AIM OF THE TASK: Your response should contain exactly the lines running from the one with "Purple Wave is" to the end of the data below, both included, and no pictures.

RECORDED DATA:

§ §

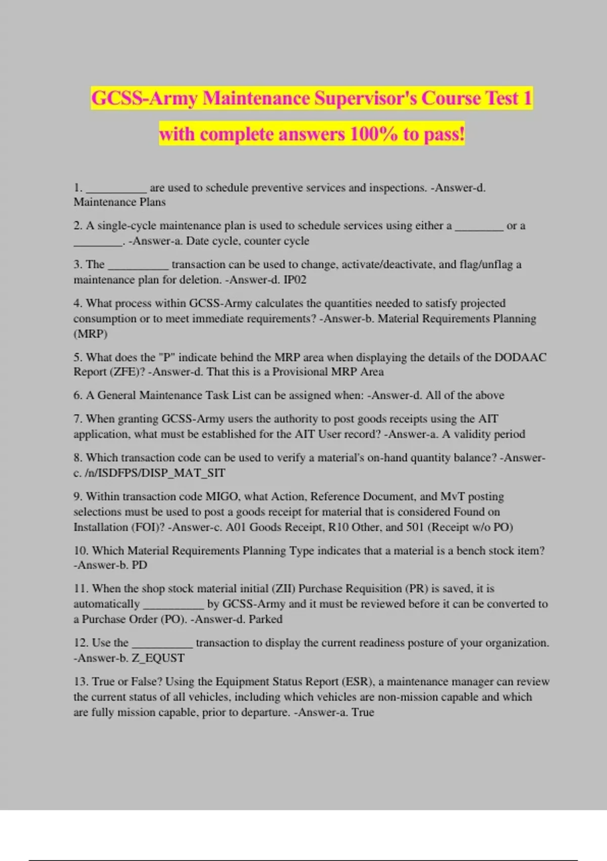 GCSS-Army Maintenance Supervisor's Course Test 1 with complete answers 100% to pass! 1. __________ are used to schedule preventive services and inspections. -Answer-d. Maintenance Plans 2. A single-cycle maintenance plan is used to schedule services using either a ________ or a ________. -Answer-a. Date cycle, counter cycle 3. The __________ transaction can be used to change, activate/deactivate, and flag/unflag a maintenance plan for deletion. -Answer-d. IP02 4. What process within GCSS-Army calculates the quantities needed to satisfy projected consumption or to meet immediate requirements? -Answer-b. Material Requirements Planning (MRP) 5. What does the "P" indicate behind the MRP area when displaying the details of the DODAAC Report (ZFE)? -Answer-d. That this is a Provisional MRP Area 6. A General Maintenance Task List can be assigned when: -Answer-d. All of the above 7. When granting GCSS-Army users the authority to post goods receipts using the AIT application, what must be established for the AIT User record? -Answer-a. A validity period
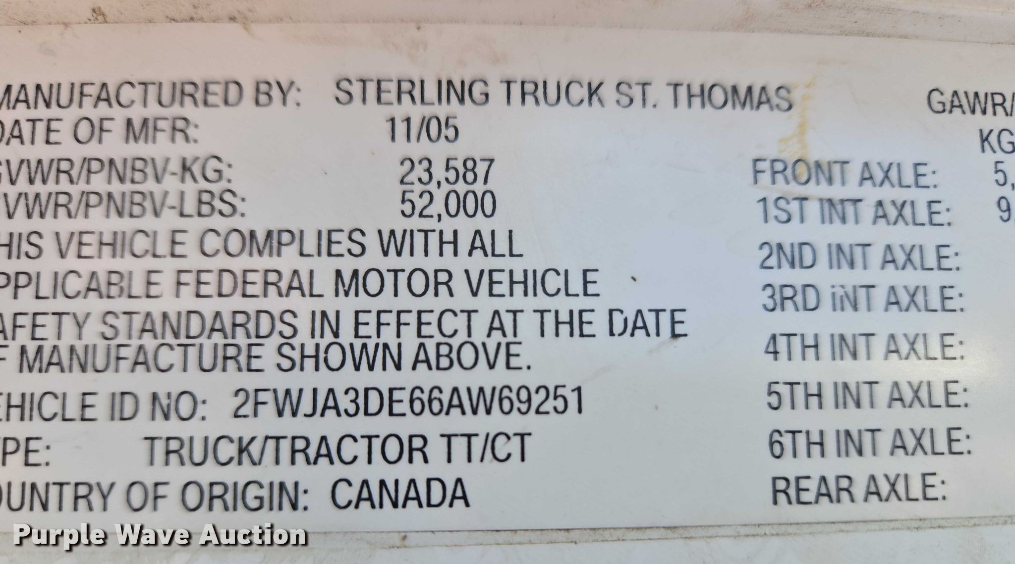 Purple Wave is selling a used Construction Dump Truck in Oklahoma. This item is a 2006 Sterling A9500 dump truck with the following: Miles: 635,660 on odometer, VIN: 2FWJA3DE66AW69251
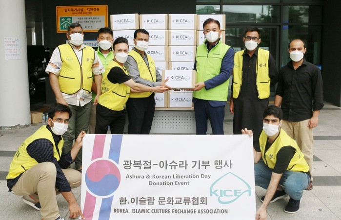 용산복지재단은 최근 한이슬람문화교류협회로부터 광복절을 기념해 지역내 저소득 가구를 위한 이슬람의 할라음식 키트 30개를 기부받았다. 키트는 할랄 인증받은 쌀 1kg, 밀가루 1kg 등으로 구성됐으며 푸드뱅크를 통해 대상자에 후원한다. 사진은 전달식에서 관계자들이 기념촬영을 하는 모습. (사진제공=용산구청)

§ §

ANSWER TO THIS TASK:
 Purple Wave is selling a used Construction Dump Truck in Oklahoma. This item is a 2006 Sterling A9500 dump truck with the following: Miles: 635,660 on odometer, VIN: 2FWJA3DE66AW69251
 용산복지재단은 최근 한이슬람문화교류협회로부터 광복절을 기념해 지역내 저소득 가구를 위한 이슬람의 할라음식 키트 30개를 기부받았다. 키트는 할랄 인증받은 쌀 1kg, 밀가루 1kg 등으로 구성됐으며 푸드뱅크를 통해 대상자에 후원한다. 사진은 전달식에서 관계자들이 기념촬영을 하는 모습. (사진제공=용산구청)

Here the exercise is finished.